<<<<

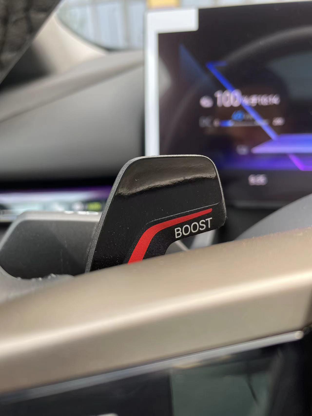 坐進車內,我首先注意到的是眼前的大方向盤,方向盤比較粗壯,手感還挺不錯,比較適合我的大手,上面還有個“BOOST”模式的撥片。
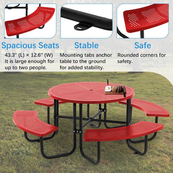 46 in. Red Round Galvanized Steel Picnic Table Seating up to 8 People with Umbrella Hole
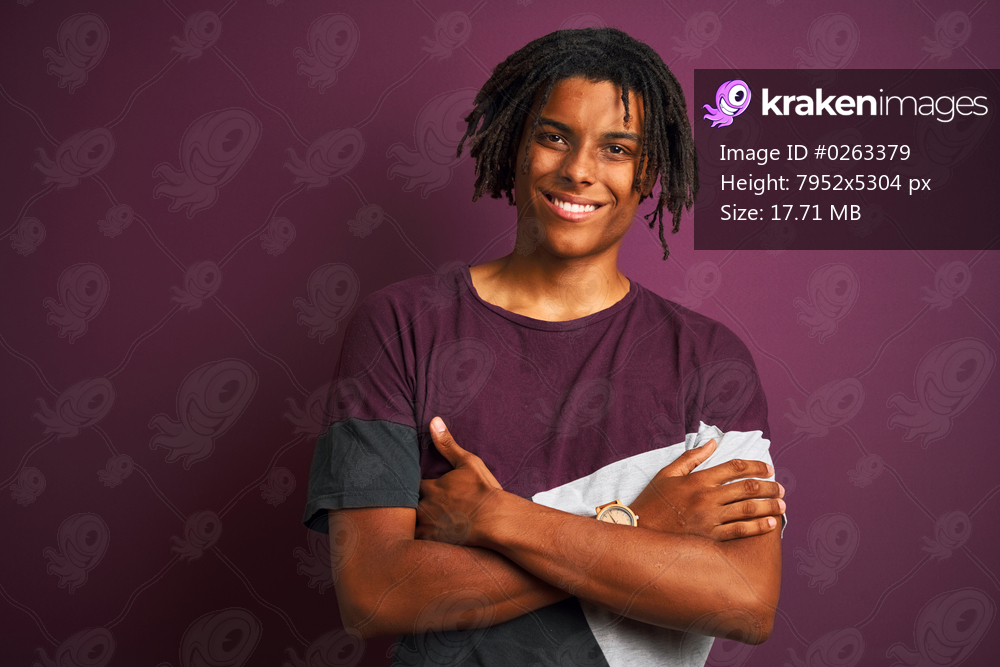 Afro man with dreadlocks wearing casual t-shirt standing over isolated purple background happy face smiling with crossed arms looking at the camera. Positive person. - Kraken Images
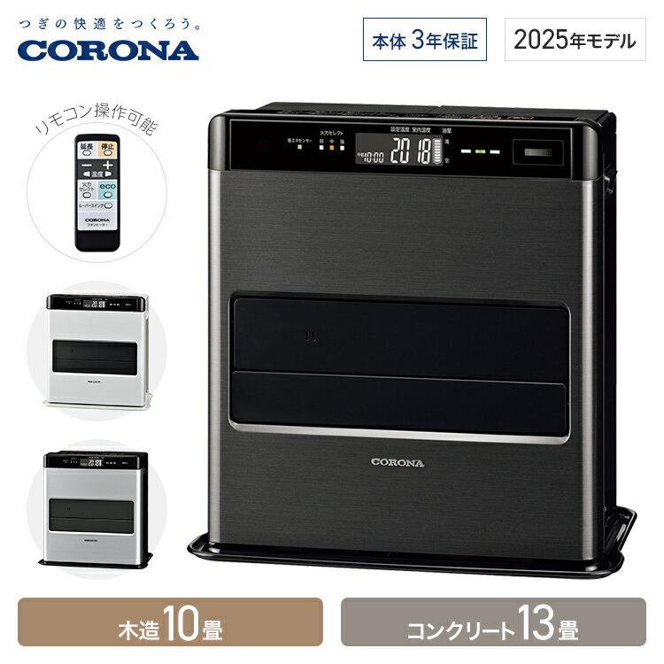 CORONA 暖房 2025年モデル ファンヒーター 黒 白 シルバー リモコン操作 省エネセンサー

>>>>
<<<<

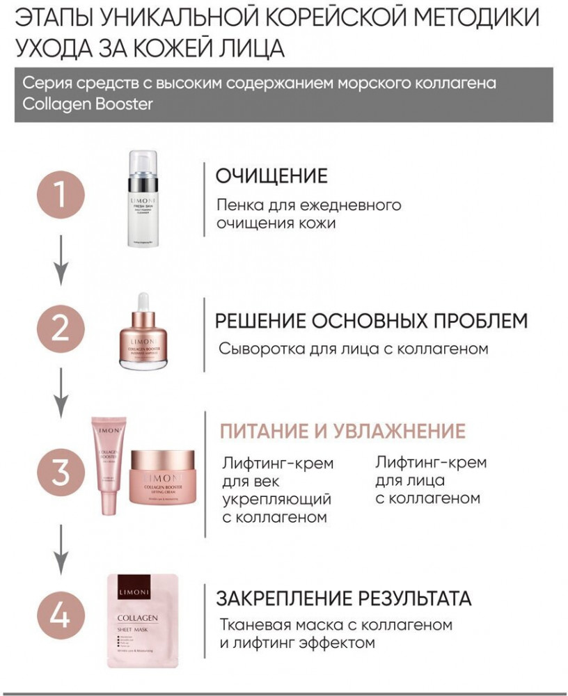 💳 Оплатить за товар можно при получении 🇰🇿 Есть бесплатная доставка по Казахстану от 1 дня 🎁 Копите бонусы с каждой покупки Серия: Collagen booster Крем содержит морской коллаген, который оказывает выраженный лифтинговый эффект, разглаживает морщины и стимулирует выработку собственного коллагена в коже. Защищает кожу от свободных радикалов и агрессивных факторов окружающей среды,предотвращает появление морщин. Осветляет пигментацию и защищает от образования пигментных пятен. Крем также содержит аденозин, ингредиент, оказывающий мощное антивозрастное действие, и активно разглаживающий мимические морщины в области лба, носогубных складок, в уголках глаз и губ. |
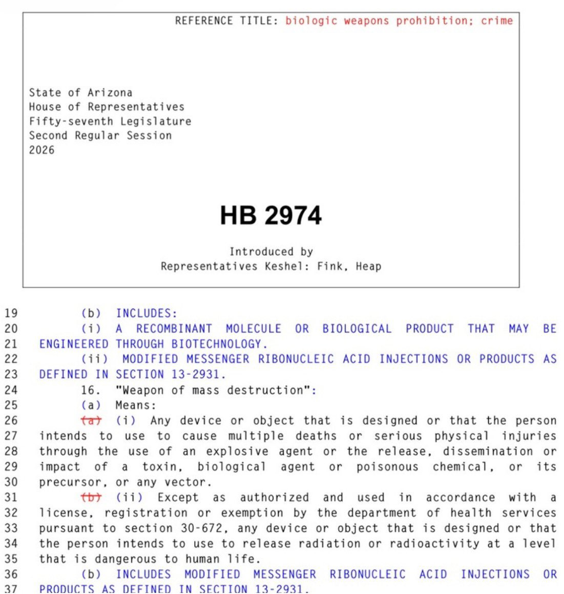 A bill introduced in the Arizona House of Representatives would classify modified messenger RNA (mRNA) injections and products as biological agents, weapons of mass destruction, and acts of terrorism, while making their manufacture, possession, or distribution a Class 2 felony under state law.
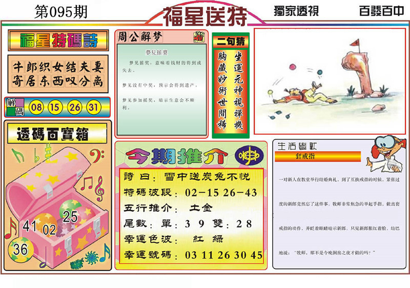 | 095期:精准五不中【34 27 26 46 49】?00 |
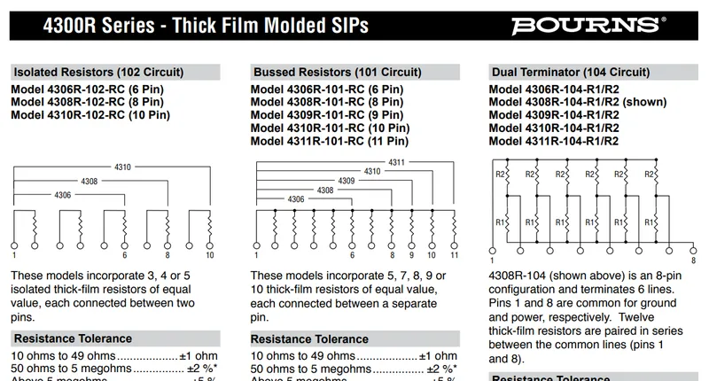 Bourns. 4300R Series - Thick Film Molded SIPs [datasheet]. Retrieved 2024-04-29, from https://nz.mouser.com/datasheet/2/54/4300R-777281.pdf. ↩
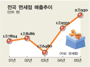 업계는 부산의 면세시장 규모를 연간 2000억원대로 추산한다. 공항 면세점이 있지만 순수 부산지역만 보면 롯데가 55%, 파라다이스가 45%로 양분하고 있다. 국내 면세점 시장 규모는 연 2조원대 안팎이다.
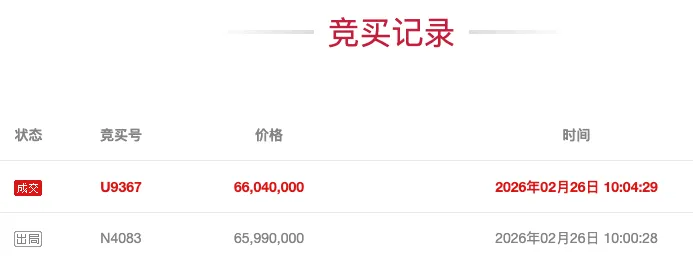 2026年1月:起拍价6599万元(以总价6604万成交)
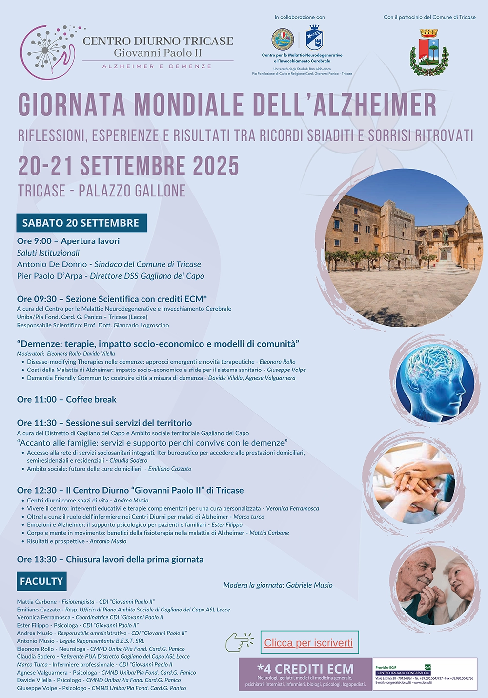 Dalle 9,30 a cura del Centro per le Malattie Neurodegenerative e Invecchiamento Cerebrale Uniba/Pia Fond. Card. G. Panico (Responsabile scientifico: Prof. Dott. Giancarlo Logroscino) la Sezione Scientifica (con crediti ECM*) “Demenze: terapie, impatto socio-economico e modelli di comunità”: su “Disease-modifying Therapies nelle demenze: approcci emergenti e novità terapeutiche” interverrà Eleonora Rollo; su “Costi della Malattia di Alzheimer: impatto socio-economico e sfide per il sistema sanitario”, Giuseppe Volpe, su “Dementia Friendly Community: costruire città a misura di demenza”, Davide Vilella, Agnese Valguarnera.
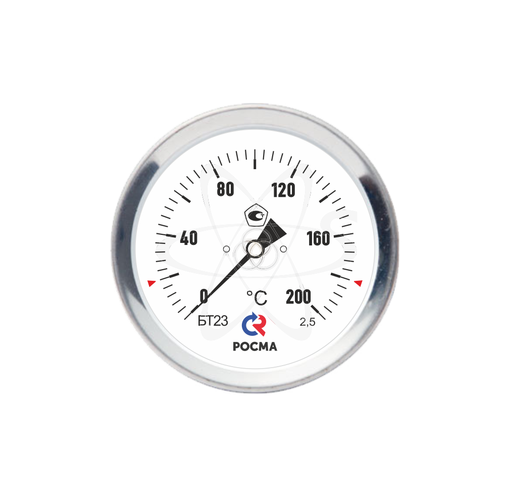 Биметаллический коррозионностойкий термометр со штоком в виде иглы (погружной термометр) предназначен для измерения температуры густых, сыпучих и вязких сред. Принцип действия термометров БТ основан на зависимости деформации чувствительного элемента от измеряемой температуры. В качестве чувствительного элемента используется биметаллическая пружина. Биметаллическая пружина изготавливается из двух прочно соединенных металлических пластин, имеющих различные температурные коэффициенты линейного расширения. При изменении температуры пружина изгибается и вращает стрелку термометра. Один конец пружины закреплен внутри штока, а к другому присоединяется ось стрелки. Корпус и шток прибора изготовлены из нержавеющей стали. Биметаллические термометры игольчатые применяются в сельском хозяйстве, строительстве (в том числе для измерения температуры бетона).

>>>>

Repeat exactly, and only, the entries from the line with "Bourns. 4300R Series" through the line with "2026年1月:起拍价6599万元(以总价6604万成交)". Pictures are skipped.

 Bourns. 4300R Series - Thick Film Molded SIPs [datasheet]. Retrieved 2024-04-29, from https://nz.mouser.com/datasheet/2/54/4300R-777281.pdf. ↩
 업계는 부산의 면세시장 규모를 연간 2000억원대로 추산한다. 공항 면세점이 있지만 순수 부산지역만 보면 롯데가 55%, 파라다이스가 45%로 양분하고 있다. 국내 면세점 시장 규모는 연 2조원대 안팎이다.
 2026年1月:起拍价6599万元(以总价6604万成交)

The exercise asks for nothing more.